Evaluation of the reception throughput for 11 MB data exchange
Index
1. Introduction
2. Test description
3. Hardware test machine specification
4. Setting up the software test environment
4.1 Vendors version
4.2 Building the libraries
4.3 Test execution
5. DDS application configuration
5.1 DataWriter/DataReader configuration
5.2 Transport
6. Test Results
1. Introduction
Running a throughput experiment consists on measuring the maximum amount of data that can traverse a system, i.e. how much data does the receiver receive per time unit.
This study aims to show a comparison of the throughput of three applications from two different DDS vendors. The first two correspond to Fast DDS configurations while the third is a Cyclone DDS implementation. The applications associated with each of the vendors are executed using each provider's own throughput tests. All tests will measure the throughput of a communication between a publisher and a subscriber running in separate processes but on the same test machine.

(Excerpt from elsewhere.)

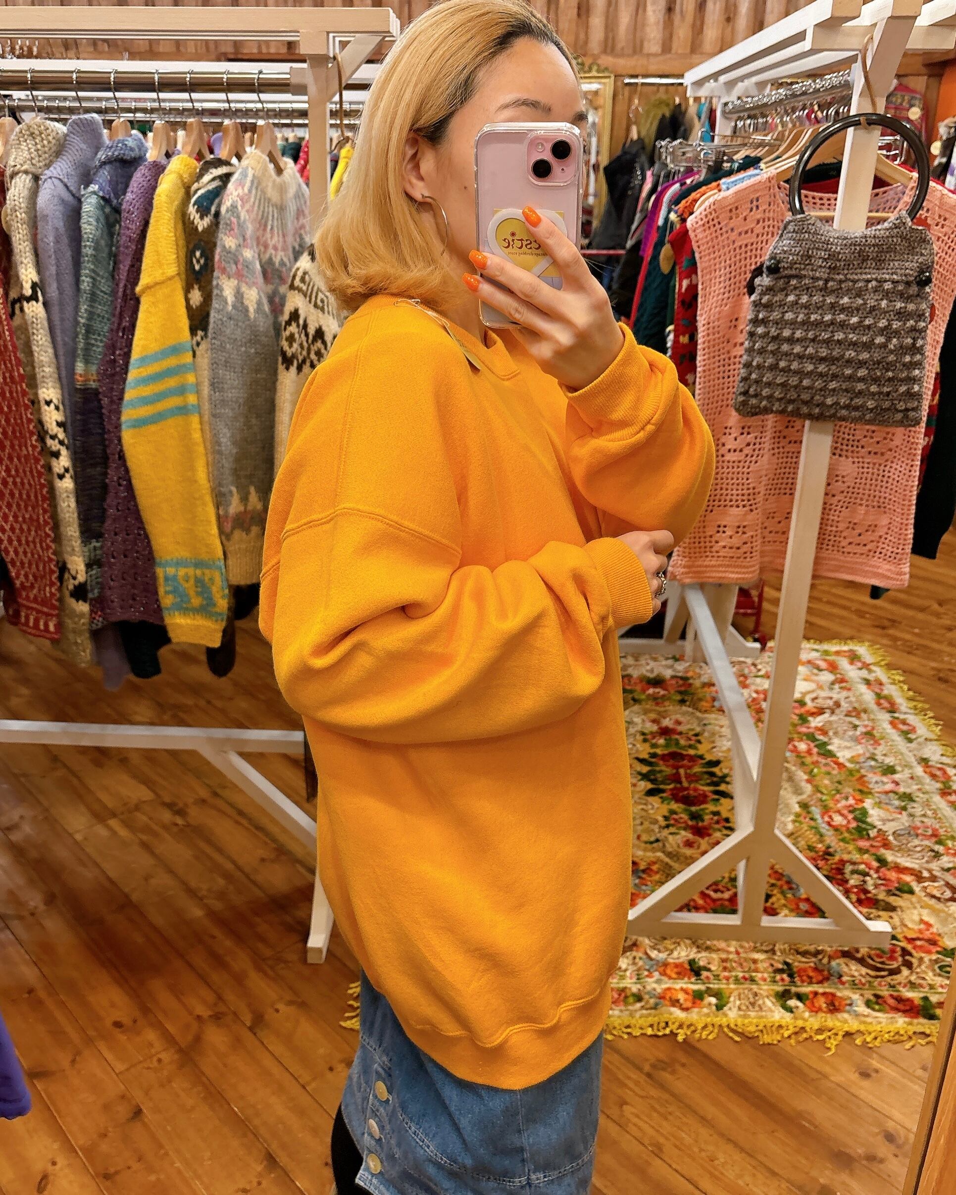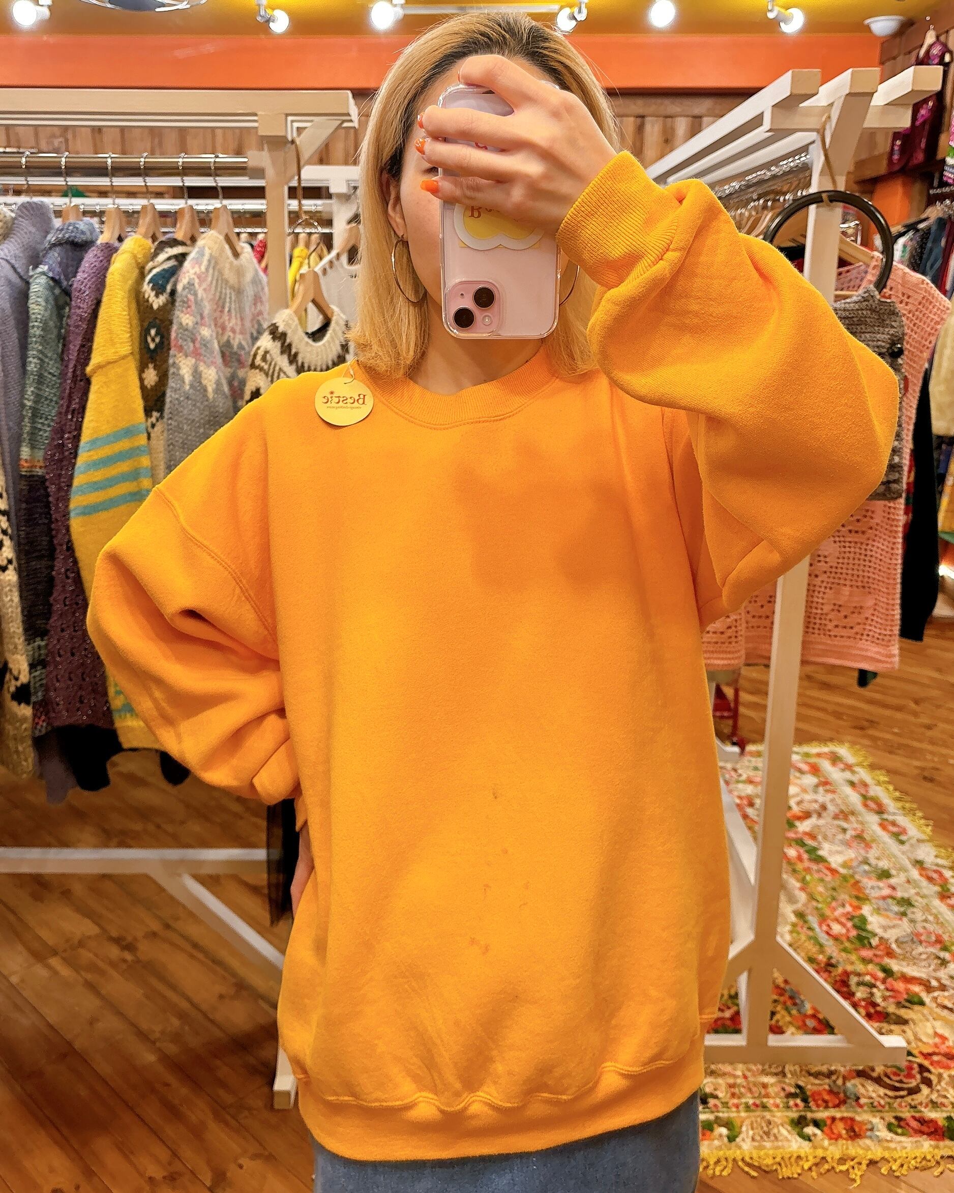 クルーネック、ゆったり大きめサイズの無地スウェットです。やや丸みのあるシルエットがかわいいです。

Since the tests measure the throughput of an inner machine communication, the Fast DDS tests use the SHM transport protocol with different publication modes (synchronous and asynchronous), while the Cyclone DDS test uses the UDP transport protocol (the only one available in this implementation).
2. Test description
Cyclone DDS
The test used for the measurement of the reception throughput are the tests implemented by Cyclone DDS. These tests can be found here. The description of these tests, according to the README.rst provided by Cyclone DDS is as follows.
The Cyclone DDS Throughput example allows the measurement of data throughput when receiving samples from a publisher.
- Design. It consists of 2 units:
- Publisher: sends samples at a specified size and rate.
- Subscriber: Receives samples and outputs statistics about throughput
- Scenario.
- payloadSize: the size of the payload in bytes.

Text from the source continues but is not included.